As the species used here are industrially relevant given their food and human health implications, many strains from these species have been sequenced and characterized. We expect a rarefaction curve could be generated that reaches saturation, suggesting the total pan genome for this complex has been sequenced (Figure 3). We were surprised to see the core genome of these organisms has a higher GC content than the non-core genome (Figure 5 and Table 2). The core genome is suggested to be more conserved and adapted than the pan genome (Vernikos et al., 2015), which implies that the L. acidophilus complex may be evolving toward a diverging GC content. We were not surprised that L. bulgaricus has the lowest correlation in GC content and CAI compared to the rest of the complex. L. bulgaricus has the highest GC content of all of the organisms investigated and is likewise the most divergent in both GC content and CAI. The species L. delbrueckii is known to be undergoing genome decay, a process typical of organisms that reside in nutritionally-rich environments and consequently undergo gene loss to reduce genome size by removal of expendable genes (Makarova et al., 2006; Hao et al., 2011). L. helveticus is known to contain a high number of transposons, causing it to have a very fluid genome (Schmid et al., 2018). This fact is validated by the low correlation of location in the core genome (Figure 4). Despite the lack of synteny within the core genome, the co-localization of conserved clusters suggests these may be regions that were selected for during evolution by increasing genome stability or allowing co-regulation of critical genes (Figure 4) (Vernikos et al., 2015). The consistency of expression level in the core genome suggests the transcription of these genes in not intrinsically determined by the genetic characteristics or adaptation of the gene itself, but rather extrinsic factors such as promoters, operon structure, or DNA structure and stereo-availability that affect the consistent transcription of the core genome.

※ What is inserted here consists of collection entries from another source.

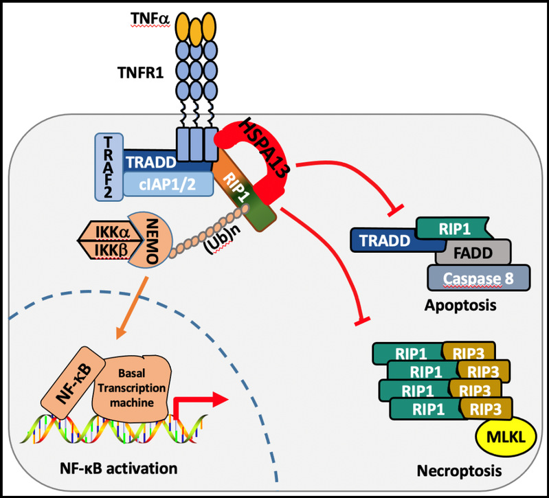 细胞因子TNFa结合受体TNFR1后,激活的TNFR1招募多种接头蛋白迅速组装形成锚定在细胞膜的复合体I。而其中HSPA13直接结合TNFR1与RIP1,作为支架蛋白稳定复合体I,促进NF-kB信号的转录激活;同时,HSPA13限制了RIP1的胞质活化,阻断胞质内的复合体IIa/b组装,抑制细胞凋亡及坏死。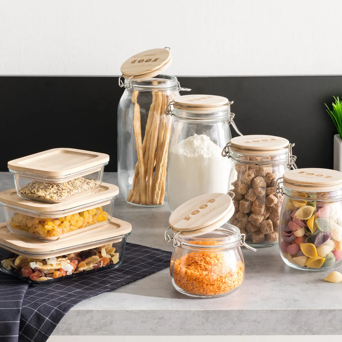 5five Lot de 6 bocaux de conservation hermétiques 0,5L à 1,5L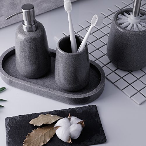 (JHB)/Bedding Bath/Bath/DIRECT FROM USA/JHB- Bathroom Counter Top Accessory Imitation Marble Textured Dark Gray Set of 5 The Best Bathr...
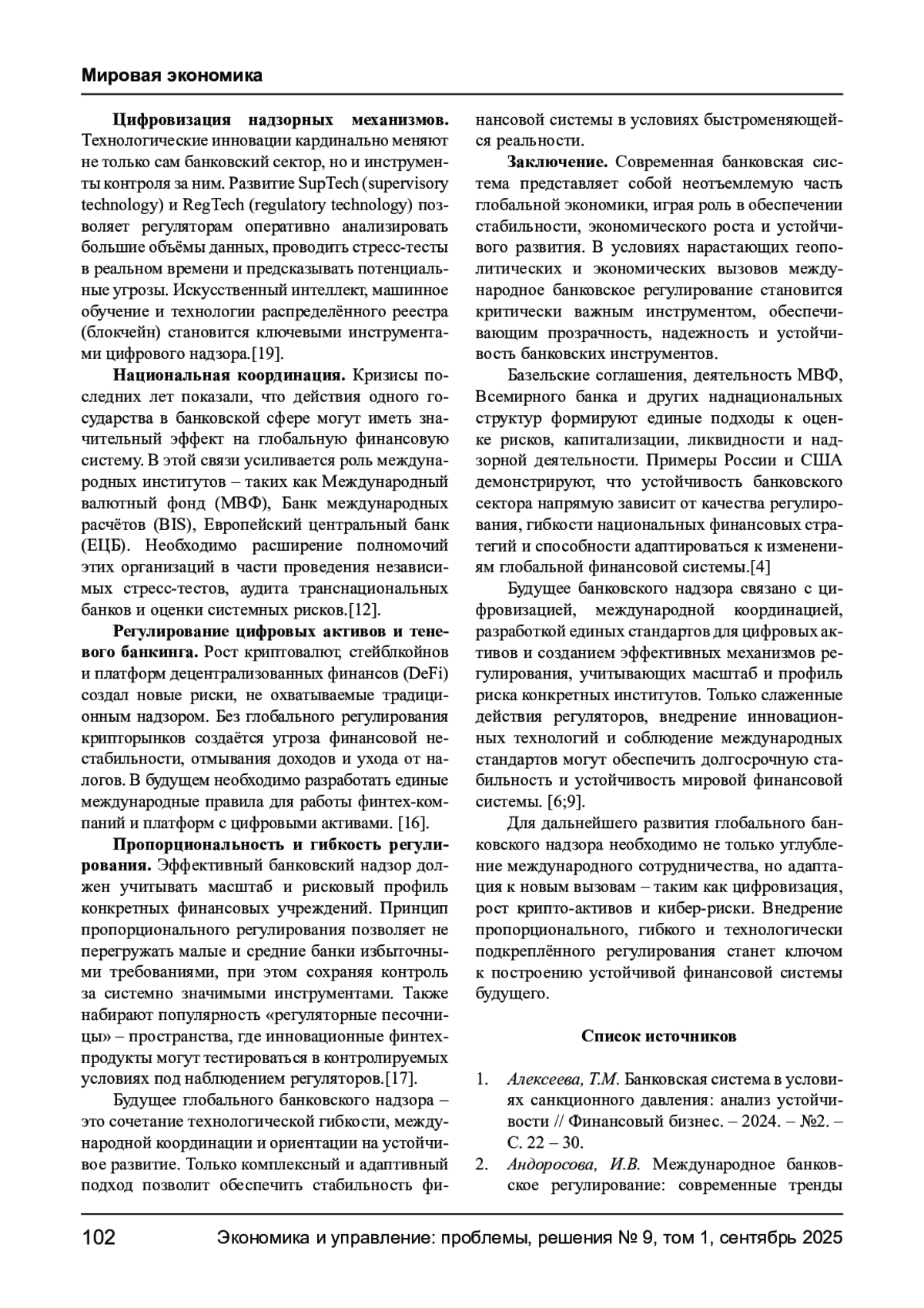 2. Андоросова, И.В. Международное банковское регулирование: современные тренды и вызовы // Вопросы экономики и права. - 2023. - №5. - С. 84 - 91.

Less than 32% of core genome coding sequences constitute the majority of mRNAs in a cell. Even fewer genes (<4% of the genome) account for the large majority (90%) of the mRNAs in a cell (Figure 6). This experiment only investigated expression in standard, naïve conditions. While differential RNA expression in distinct environments is well-established, future studies should focus on whether stress or different environmental conditions significantly alters the core transcriptome. Using the core transcriptome as opposed to the core genome to investigate the functional genetics of the L. acidophilus complex allows us to better understand the commonalities in cellular functions between these organisms. The core transcriptome is arguably more representative of the core cellular metabolic pathway conserved across different species than the core genome, as only about 40% of the core genome is highly transcribed and active in naïve growth conditions. Using transcription data in different environmental conditions in addition to genomic content will allow researchers to better understand the conservation of stress response within the L. acidophilus clade.

Through the use of protein domain databases, we were able to identify conserved domains in all seven hypothetical core transcriptome genes. The hypothetical core transcriptome genes are short in length, ranging from 72 to 113 amino acids, and likely under-predicted by most gene prediction software due to their small size (Figures 7, 8 and Supplementary Table S2) (Harrow et al., 2009; Edwards and Holt, 2013). Using a core genome and core transcriptome approach, we can identify small ORFs that are true protein-coding sequences and better inform gene prediction algorithms. Identifying small ORFs that are conserved across phylogenetic groups and are actively transcribed may also uncover potential novel pathways, regulation, or functions in cells. Additionally, it should be determined whether these small ORFs are truly small peptides or are the source of novel functional non-coding RNAs. Using information about conserved genetic context, shared promoters and conserved motifs across genomes may also help shed light on the activity and functionality of these ORFs. The abundance of hypothetical annotations from several annotation servers also highlights the need for database curation and propagation (Linial, 2003; McNair et al., 2018). It is known that databases used to assign gene functional annotation are often not updated nor curated with total known gene functions in the most recent literature, and can lead to an over-propagation of hypothetical and incorrect annotations (Devos and Valencia, 2001; Jones et al., 2007; Schnoes et al., 2009). Using only a handful of model organisms to assign functionality of genes based on sequence homology broadly across all domains of life is also a bioinformatics issue (Devos and Valencia, 2001). The best practice to assign true function to genes is to use taxonomic-specific databases of closely related organisms (Devos and Valencia, 2001; Brown and Sjolander, 2006). In non-model organisms, like lactobacilli, these databases are often poorly funded or non-existent. With the decrease in cost of deep sequencing and the increasing availability of data, organism-specific genetic information will hopefully be able to provide accurate functional data on many non-model organisms. This is of importance given the rising interest in diverse microbiomes and the increasing number of non-model organisms being investigated.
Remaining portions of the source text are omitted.